▶ [PROVIDED MATERIAL]:
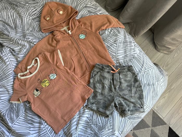 Lot / ensemble 3 pièces Orchestra comprenant un short, un tee shirt et un pull avec des oreilles 🐻. Taille 18 mois - 81cm. En très bon état. #lau_riane69 #ensemblebebe #ensemblegarçon #orchestra #orchestragarcon #taille81cm #taille18mois
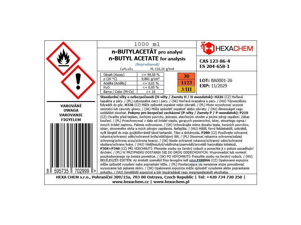 n-Butylacetát v laboratorní kvalitě p.a. (n-butyl ester kyseliny octové) je čirá, bezbarvá kapalina se sladkou ovocnou vůní připomínající banány nebo hrušky. Jedná se o jedno z nejpoužívanějších rozpouštědel v průmyslu barev a laků, protože má střední rychlost odpařování a výbornou schopnost rozpouštět polymery.
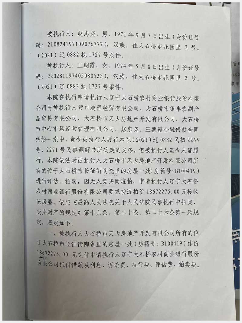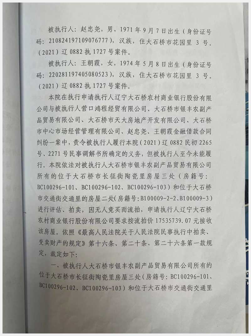 地址:大石橋市長征街陶瓷里 標的號:6

▶ [EXERCISE]:
Output the material above exactly as written and drop any images it holds.

▶ [YOUR RESPONSE]:
 Lot / ensemble 3 pièces Orchestra comprenant un short, un tee shirt et un pull avec des oreilles 🐻. Taille 18 mois - 81cm. En très bon état. #lau_riane69 #ensemblebebe #ensemblegarçon #orchestra #orchestragarcon #taille81cm #taille18mois
 n-Butylacetát v laboratorní kvalitě p.a. (n-butyl ester kyseliny octové) je čirá, bezbarvá kapalina se sladkou ovocnou vůní připomínající banány nebo hrušky. Jedná se o jedno z nejpoužívanějších rozpouštědel v průmyslu barev a laků, protože má střední rychlost odpařování a výbornou schopnost rozpouštět polymery.
 地址:大石橋市長征街陶瓷里 標的號:6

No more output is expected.